In 2009, Kottaras was knuckleball pitcher Tim Wakefield's personal catcher; while Jason Varitek caught the other pitchers in the rotation. After Wakefield went on the disabled list after the All-Star break, Kottaras followed suit with a lower back strain. He remained with Pawtucket until call ups on September 1. With Wakefield's first start in September, Red Sox manager Terry Francona had to decide whether to start Kottaras due to his familiarity with Wakefield or Víctor Martínez due to his bat and having made one start with Wakefield in which he caught the knuckleball very well for the first time. Francona eventually chose Martínez.

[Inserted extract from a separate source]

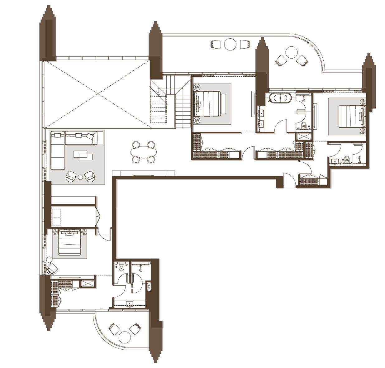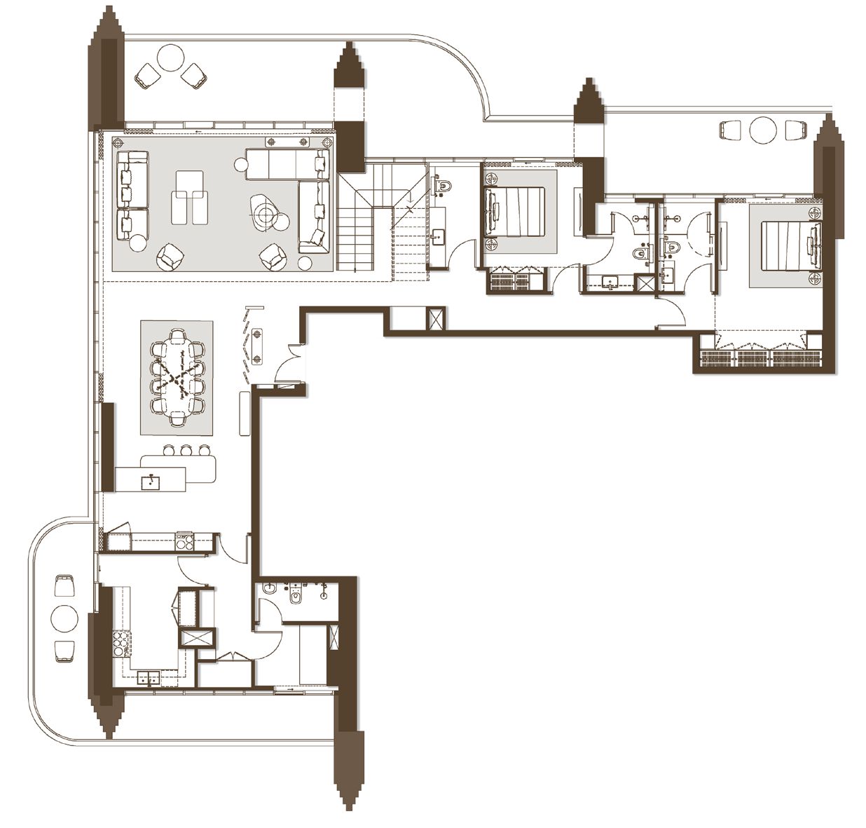The penthouses at Atélis at d3 represent the ultimate expression of luxury waterfront living in Dubai Design District. Rising above the city, these exceptional five-bedroom residences feature soaring double-height living and dining spaces, statement staircases, and expansive private terraces that capture breathtaking panoramic views of the Dubai skyline and the waterfront. Designed for elevated everyday living and refined entertaining, the flowing open-plan layouts create a seamless connection between elegant interiors and generous outdoor spaces. Floor-to-ceiling windows flood the home with natural light, enhancing the sense of scale and drama, while exquisitely crafted finishes reflect a commitment to contemporary sophistication and timeless design. Lavish bedrooms are conceived as private sanctuaries, complemented by spa-style bathrooms that elevate daily rituals into moments of indulgence. Expansive terraces offer a spectacular setting for entertaining guests or enjoying quiet moments of retreat above the city. Residents enjoy privileged access to Atélis at d3’s full suite of resort-style amenities, including cascading swimming pools, an infinity pool with skyline views, landscaped garden lounges, wellness and fitness facilities, co-working areas, entertainment rooms, and family-focused spaces—delivering an iconic lifestyle at one of Dubai Design District’s most prestigious waterfront addresses.

Kottaras hit his first MLB home run on July 3, 2009, against the Seattle Mariners' Mark Lowe in the bottom of the 11th. For the season, he finished fifth in the league in passed balls, recording eight in 39 games.

Kottaras was placed on release waivers by the Red Sox on November 18, 2009.

===Milwaukee Brewers===
Kottaras was claimed off waivers by the Milwaukee Brewers hours after being placed on release waivers by Boston on November 18.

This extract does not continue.